• Task statement: Make an exact copy, from the records below, of the lines from the line containing "Pratico, compatto e" to the line containing "ウエストリボンラップ長袖Tシャツ(7color)", both lines included, excluding pictures.

• Data shown:
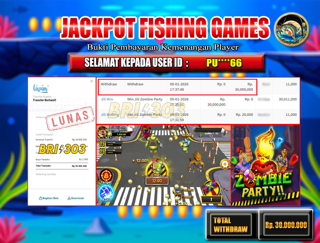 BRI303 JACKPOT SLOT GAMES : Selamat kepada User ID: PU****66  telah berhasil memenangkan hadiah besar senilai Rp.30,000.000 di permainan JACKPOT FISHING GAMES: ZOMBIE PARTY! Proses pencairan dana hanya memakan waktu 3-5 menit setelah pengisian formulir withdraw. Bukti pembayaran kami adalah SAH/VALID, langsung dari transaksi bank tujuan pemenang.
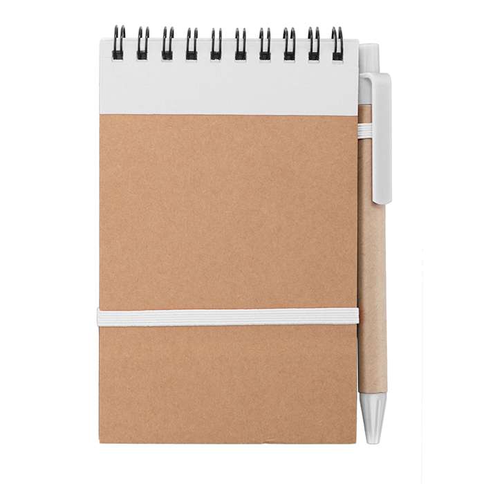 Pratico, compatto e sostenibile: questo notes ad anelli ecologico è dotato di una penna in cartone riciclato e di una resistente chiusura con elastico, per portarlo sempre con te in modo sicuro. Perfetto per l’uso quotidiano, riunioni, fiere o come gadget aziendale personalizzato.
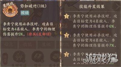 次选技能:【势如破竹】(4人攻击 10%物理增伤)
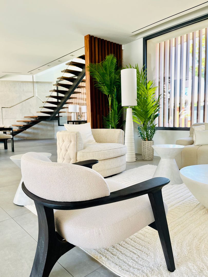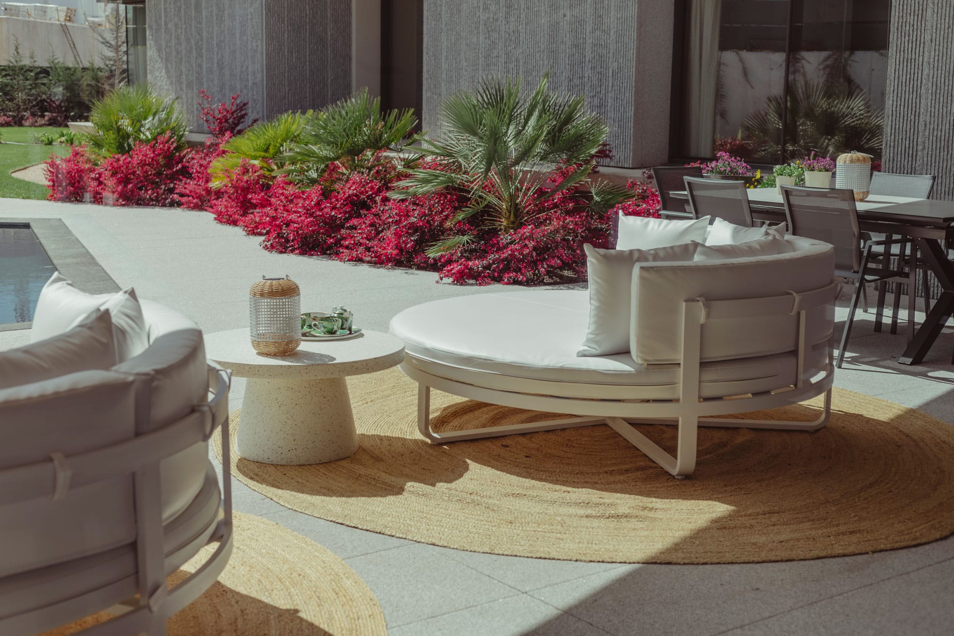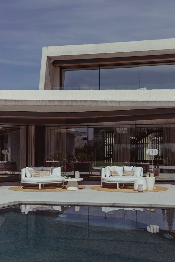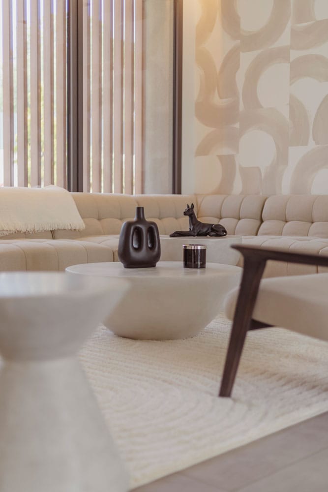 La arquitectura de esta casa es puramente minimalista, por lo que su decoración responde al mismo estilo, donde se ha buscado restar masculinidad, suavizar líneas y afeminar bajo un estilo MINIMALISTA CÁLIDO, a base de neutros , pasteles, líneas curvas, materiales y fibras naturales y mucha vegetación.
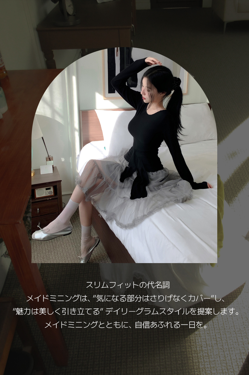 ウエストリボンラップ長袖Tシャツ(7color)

* * *

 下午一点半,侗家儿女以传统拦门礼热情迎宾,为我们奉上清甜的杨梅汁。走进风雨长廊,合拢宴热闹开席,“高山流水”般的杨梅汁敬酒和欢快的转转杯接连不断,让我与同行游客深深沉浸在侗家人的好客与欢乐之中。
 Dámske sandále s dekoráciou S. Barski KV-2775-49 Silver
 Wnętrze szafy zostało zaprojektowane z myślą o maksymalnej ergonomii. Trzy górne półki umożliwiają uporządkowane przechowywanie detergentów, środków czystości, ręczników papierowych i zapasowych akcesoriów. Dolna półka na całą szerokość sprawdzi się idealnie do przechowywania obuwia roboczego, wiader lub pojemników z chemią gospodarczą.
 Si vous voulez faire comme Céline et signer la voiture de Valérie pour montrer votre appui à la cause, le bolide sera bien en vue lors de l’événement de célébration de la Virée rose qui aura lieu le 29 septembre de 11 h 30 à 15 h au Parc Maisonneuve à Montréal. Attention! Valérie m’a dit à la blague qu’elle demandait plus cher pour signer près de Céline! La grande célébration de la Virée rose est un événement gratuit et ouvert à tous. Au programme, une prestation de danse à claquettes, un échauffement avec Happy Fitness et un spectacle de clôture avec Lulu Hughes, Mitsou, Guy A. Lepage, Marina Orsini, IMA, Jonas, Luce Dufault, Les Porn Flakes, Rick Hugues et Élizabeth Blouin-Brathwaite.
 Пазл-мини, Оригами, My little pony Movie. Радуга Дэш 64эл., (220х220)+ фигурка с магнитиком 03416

• Finished task:
 Pratico, compatto e sostenibile: questo notes ad anelli ecologico è dotato di una penna in cartone riciclato e di una resistente chiusura con elastico, per portarlo sempre con te in modo sicuro. Perfetto per l’uso quotidiano, riunioni, fiere o come gadget aziendale personalizzato.
 次选技能:【势如破竹】(4人攻击 10%物理增伤)
 La arquitectura de esta casa es puramente minimalista, por lo que su decoración responde al mismo estilo, donde se ha buscado restar masculinidad, suavizar líneas y afeminar bajo un estilo MINIMALISTA CÁLIDO, a base de neutros , pasteles, líneas curvas, materiales y fibras naturales y mucha vegetación.
 ウエストリボンラップ長袖Tシャツ(7color)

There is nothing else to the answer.